The publishers hope “that The Wall In My Head will prompt discussion about the events of ’89 and their relevance to today’s world.” To encourage exchange of ideas, Three Percent has asked a variety of writers, translators, scholars, and witnesses to the events of those last years of the Cold War, to contribute to a blog that will grow online over the next few months. “Their dispatches will range from discussions of the contents of the book to observations about current events and important anniversaries, as well as posts on the art, photography and film of the last years of the Cold War. The blog begins with a post by Oana Sanziana Marian about Dan Sociu’sUrbancholia.” Those wishing to contribute to the blog are invited to write to
Readers of literature in translation should be pleased to see that The Wall in My Head has a table of contents that includes:
Introduction by Keith Gessen
From The Art of the Novel by Milan Kundera (Translated by Linda Asher)
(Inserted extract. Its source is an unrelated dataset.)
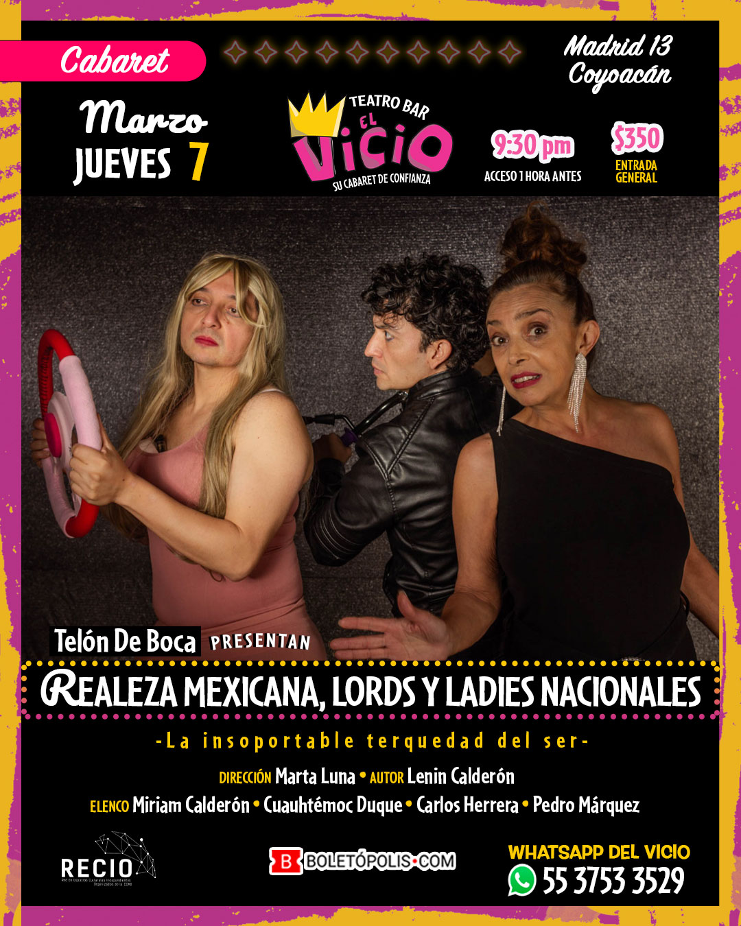 “REALEZA MEXICANA. NUESTROS ADORABLES LORDS Y LADIES” presenta la última función de temporada en el teatro bar El Vicio (Madrid 13, Colonia Del Carmen, Coyoacán), el jueves 7 de marzo, a las 21:30Hr. Adquiere tus boletos a través de http://nueprorealezamexicana.boletopolis.com/ ($350 pesos entrada general), o reserva tu lugar en el WhatsApp de El Vicio: 5537533529 y recíbelos directamente en la taquilla del teatro.
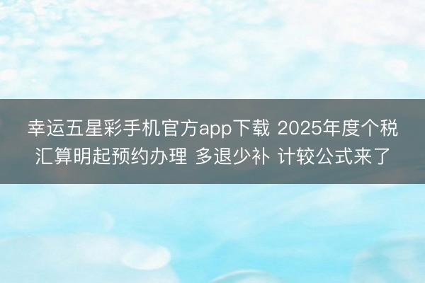 幸运五星彩手机官方app下载 2025年度个税汇算明起预约办理 多退少补 计较公式来了

From Paris Lost by Wladimir Kaminer (Translated by Liesl Schillinger)
From Omon Ra by Victor Pelevin (Translated by Andrew Bromfield)
“Petition” by Mihály Kornis (Translated by Ivan Sanders)
From Moving House by Paweł Huelle (Translated by Michael Kandel)
“Nabokov in Brasov” by Mircea Cărtărescu (Translated by Julian Semlian)
From Waltz for K by Dmitri Savitski (Translated by Kingsley Shorter)
“On Eugen Jebeleanu” by Matthew Zapruder
Poems from Secret Weapon by Eugen Jebeleanu (Translated by Matthew Zapruder)
From Imperium by Ryszard Kapuściński (Translated by Klara Glowczewska)
From The Tower by Uwe Tellkamp (Translated by Annie Janusch)
“My Grandmother the Censor” by Masha Gessen
From The Wall Jumper by Peter Schneider (Translated by Leigh Hafrey)
“Farewell to the Queue” by Vladimir Sorokin (Translated by Jamey Gambrell)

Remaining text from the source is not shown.